Years later, Myron Farber, a New York Times reporter, received ananonymous letter about the suspicious deaths at Riverdell Hospital. Farber conducted a thorough investigation into the case and published several articles about his findings. He protected Jascalevich’s identity by simply referring to him as “Dr. X.”
The articles prompted an exhumation of five of the Riverdell victims. When traces of tubocurarine were found in three of the bodies, Dr. Jascalevich was charged with five counts of murder. As other doctors from Riverdell had performed surgery on the victims before their untimely deaths, it was theorized that Jascalevich committed the murders to sabotage his colleagues’ careers.
However, due to lack of evidence, two of the murder charges against Jascalevich were dismissed. In 1978, he was acquitted of the other three murders at trial. The man known as “Dr. X” returned to his native Argentina and died six years later.
The Disappearance Of Tavish Sutton
In December 1982, seven-year-old Chucky McGivern was admitted to the Children’s Hospital of Philadelphia and diagnosed with a rare disease called “Reye’s syndrome,” which attacked his brain, liver, and nervous system. Chucky soon went into a coma, and his family was told he only had a 10 percent chance of survival.
Hoping for a miracle, Chucky’s mother pinned a medal to his bed featuring the likeness of St. John Neumann, a noted religious figure who became the Bishop of Philadelphia during the mid-19th century and was eventually canonized by Pope Paul VI. For whatever reason, the presence of this medal seemed to pave the way for a series of miraculous events.
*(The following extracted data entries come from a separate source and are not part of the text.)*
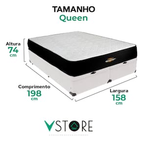 A tecnologia que a sua casa merece está na V-Store! O Conjunto Colchão Orthopedic + Base Box Baú Bravus da V-Store une conforto e funcionalidade. O colchão, com espuma D33 e suporte extra firme, oferece alinhamento ideal e proteção contra ácaros, alergias e fungos. A base box baú, com estrutura resistente e espaço interno, combina organização e estilo, otimizando seu dormitório com praticidade e elegância.Característica Do Colchão: Modelo: OrthopedicMarca: V-StoreTamanho: QueenDimensões: 158x30x198 (Largura x Altura x Comprimento)Conforto: Extra FirmeSistema: EspumaPillow: Não se aplicaPeso Máximo recomendado: 110 kg (Por pessoa)Proteções: Antiácaro, antialérgico, antifungo, antimofoGarantia: 12 Meses (Espuma)Característica Da Base: Marca: V-StoreModelo: BravusCor do Box: BrancoTamanho: QueenDimensões: 158x44x198 (Largura x Altura x Comprimento)Estrutura: MadeiraPeso máximo recomendado: 150 kg (Por Pessoa)Altura do Box: 38 cmAltura dos Pés: 6 cmAltura total: 44 cmGarantia: 12 Meses (Estrutura) / 3 meses (Tecido)Selo Ecologicamente CorretoAtenção:- Antes de finalizar sua compra, recomendamos que verifique se as dimensões do produto são adequadas para serem transportadas pelos elevadores, portas, escadas e corredores de sua residência. Ressaltamos que não nos responsabilizamos pelo transporte do produto por meios específicos, como escadas, guinchos ou içamentos.- É possível que hajam leves variações de cor de acordo com o dispositivo que está sendo utilizado como smartphones, computadores, monitores e outros.
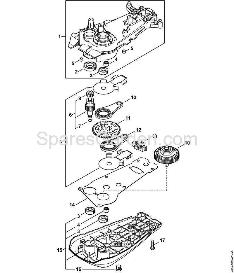 Original spare parts Gearbox cover Cordless hedge trimmers (HSA) HSA 94 T Stihl Included nr. 3, 4, 16
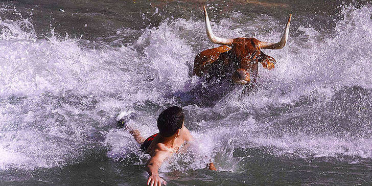 El premio especial de las Vacas por el Tajo fue para Tomás Jiménez por la imagen “Pues sí que nada”. “Es muy característica y significativa del festejo, plena de fuerza”. El premio especial para la mejor foto del Encierro de Brihuega, está hecha a escasos centímetros del suelo. “Es una foto de dificultad técnica, que destaca la figura del corredor en la Avenida de la Constitución”.
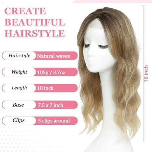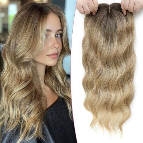 • Lasunork Hair Toppers for Women Wavy Curly Fringe Hand-Tied Lace Clip (Brown Blonde with Dark Root)
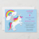 A cute white unicorn with pink, blue, and yellow striped mane and tail rears playfully on the front of this fun birthday party invitation. Behind the unicorn is a matching rainbow between two white clouds. Your custom text is in pink and dark blue at the right of the images. Everything is placed on a pastel blue background. The back of the invitation is the same blue colour, with pink, lavender, and white confetti. Cute for ages 1 through 8; just customize it! graphics by Prettygrafik Design, © Prettygrafik.com
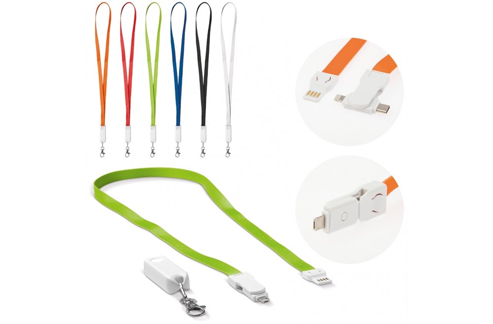 3-in1-Lanyard-Ladekabel mit USB zu USB-Typ-C, Micro-USB und Lightning Anschlüssen.
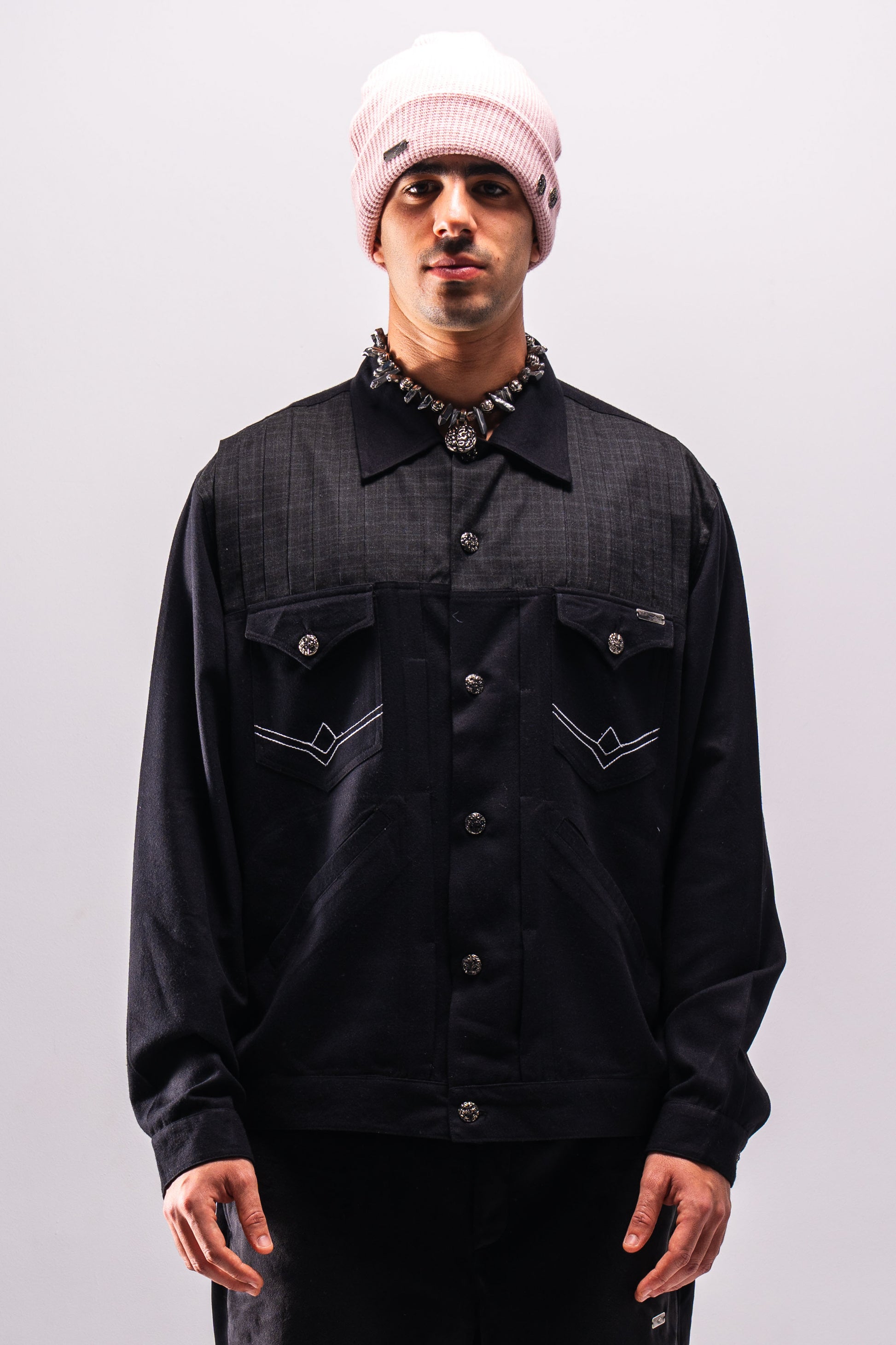 This piece explores a cross-cultural silhouette by merging Renaissance-era pleats, cowboy jacket structure, and Asian-inspired pleating language. The result is a structured yet fluid garment where historical tailoring meets contemporary Cortex design. The pleated wool panels introduce rhythm and depth across the chest, while the overall form stays disciplined and wearable.

The medal containing St. John’s likeness had been threaded to a safety pin alongside two other medals. But on numerous occasions when Chucky’s mother returned to the room, she discovered that the medal had been unthreaded and turned face down.
Things got even stranger when a picture of St. John was found taped to the wall. No one from Chucky’s family or the hospital staff admitted to doing these things. An unidentified boy also kept showing up in the ward, entering Chucky’s room, and interacting with his family. Whenever security was called, they couldn’t find this boy. No one ever saw him entering the hospital, either.
Four days after falling into his coma, Chucky suddenly woke up and made a miraculous, unlikely recovery. He described a dream in which he saw this same, mysterious boy standing over him. After Chucky was discharged from the hospital, his family made a trip to the Shrine of St. John Neumann (pictured above) and saw a painting of St. John when he was 12 years old. He looked exactly like the mysterious boy everyone had seen at the hospital.